(Recorded data)
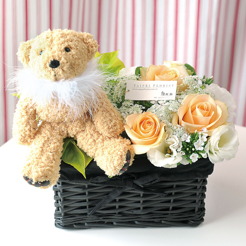 珍藏禮盒系列 香檳玫瑰小熊花禮...
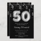 Cette invitation d'anniversaire élégante et glamour porte le numéro 50 en argent avec confetti en argent. Le texte combine écriture manuscrite et polices sans serif modernes pour un look élégant et sophistiqué.
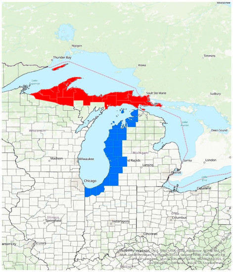 Counties used to identify LES cases from the NOAA Storm Events Database. Counties highlighted in blue were used for identifying Lake Michigan cases and the red counties were used for the Lake Superior cases.
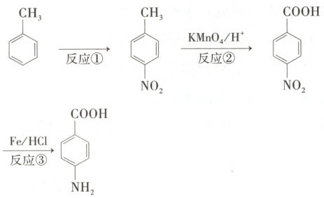 )是一种用途广泛的化工产品和医药中间体,通常以甲苯为原料进行合成。对氨基苯甲酸的一种合成路线如下(已知:烷基为苯环上邻、对位定位取代基,羧基为苯环上间位定位取代基)。下列说法错误的是 (
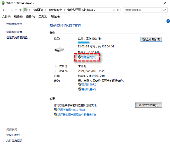 步驟1. 請您依次點擊“開始”>“設置”>“更新和安全”>“備份”>“轉到備份和還原(Windows7)”,然后選擇“管理空間”選項。
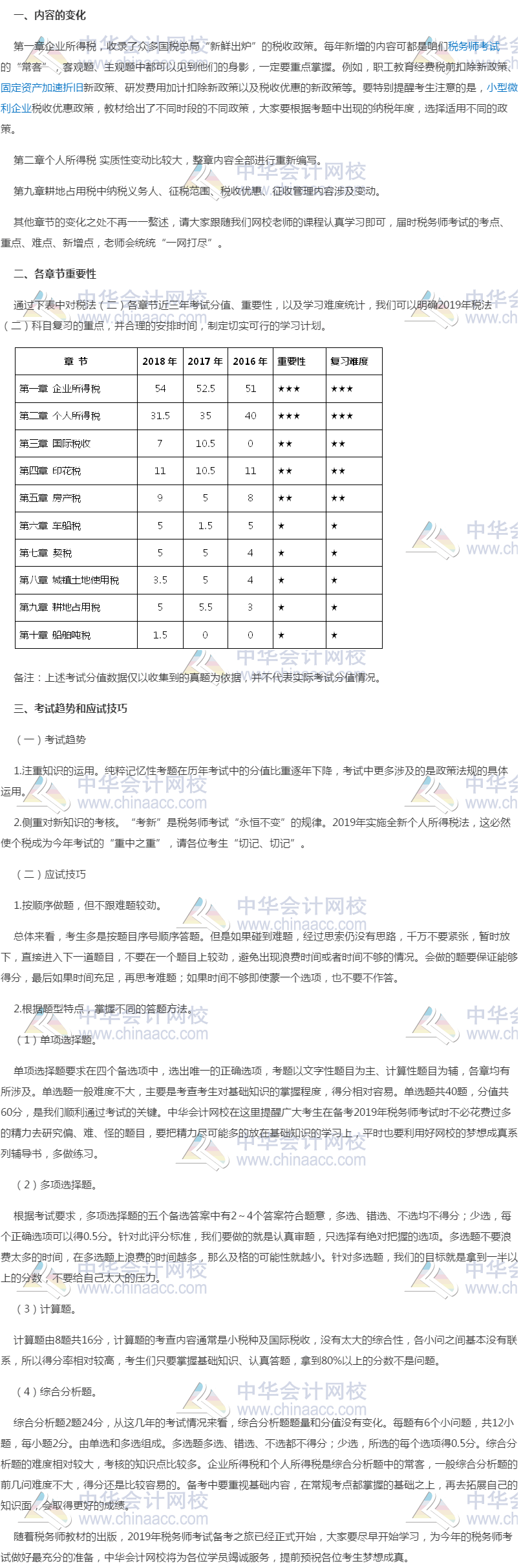 税务师税法二教材变化比较大的章节,主要是第一章企业所得税,收录了众多国税总局“新鲜出炉”的税收政策;第二章个人所得税实质性变动比较大,整章内容进行了重新编写;第九章耕地占用税纳税义务人、征税范围、税收优惠等内容都有变动。
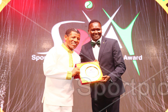 SOYA patron Paul Tergat present an award to Ethiopian former long-distance track Haile Gebrselassie during the 22nd Edition of Sports Personality of the Year Awards at Uhuru Gardens in Nairobi on April 10, 2026. Photo/Sportpicha
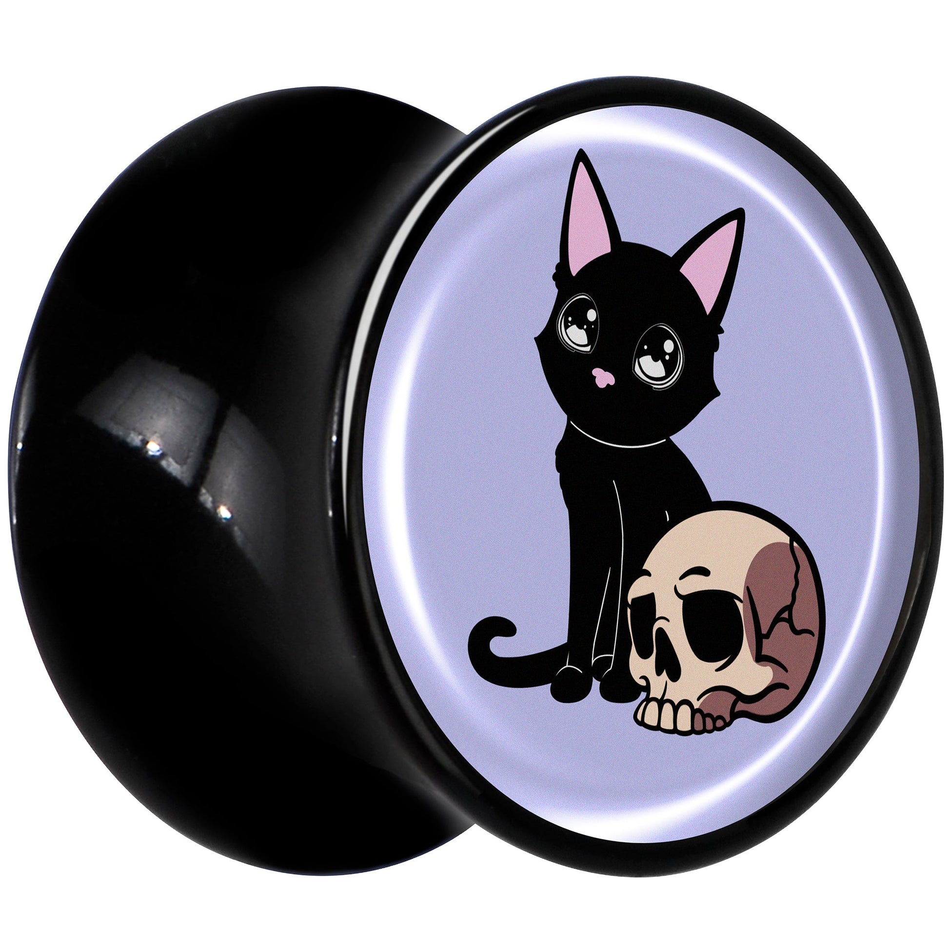 Add some witchy wonder to your look with these 8mm saddle plugs for stretched lobes. They're made with black acrylic and feature a saddle design for comfortable insertion and removal. Each one features a black cat, perched next to a creepy skull. They are depicted on a blue background to really make the details pop. You'll cast a spell of style when you're rocking these fantastic, feline and skull ear gauges. Sold as a set of two.

◆ Your assignment ◆
From the records above, give again only the part that opens with the line containing "Counties used to" and closes with the line containing "税务师税法二教材变化比较大的". Keep both ends but drop the pictures.

◆ Exercise response ◆
 Counties used to identify LES cases from the NOAA Storm Events Database. Counties highlighted in blue were used for identifying Lake Michigan cases and the red counties were used for the Lake Superior cases.
 )是一种用途广泛的化工产品和医药中间体,通常以甲苯为原料进行合成。对氨基苯甲酸的一种合成路线如下(已知:烷基为苯环上邻、对位定位取代基,羧基为苯环上间位定位取代基)。下列说法错误的是 (
 步驟1. 請您依次點擊“開始”>“設置”>“更新和安全”>“備份”>“轉到備份和還原(Windows7)”,然后選擇“管理空間”選項。
 税务师税法二教材变化比较大的章节,主要是第一章企业所得税,收录了众多国税总局“新鲜出炉”的税收政策;第二章个人所得税实质性变动比较大,整章内容进行了重新编写;第九章耕地占用税纳税义务人、征税范围、税收优惠等内容都有变动。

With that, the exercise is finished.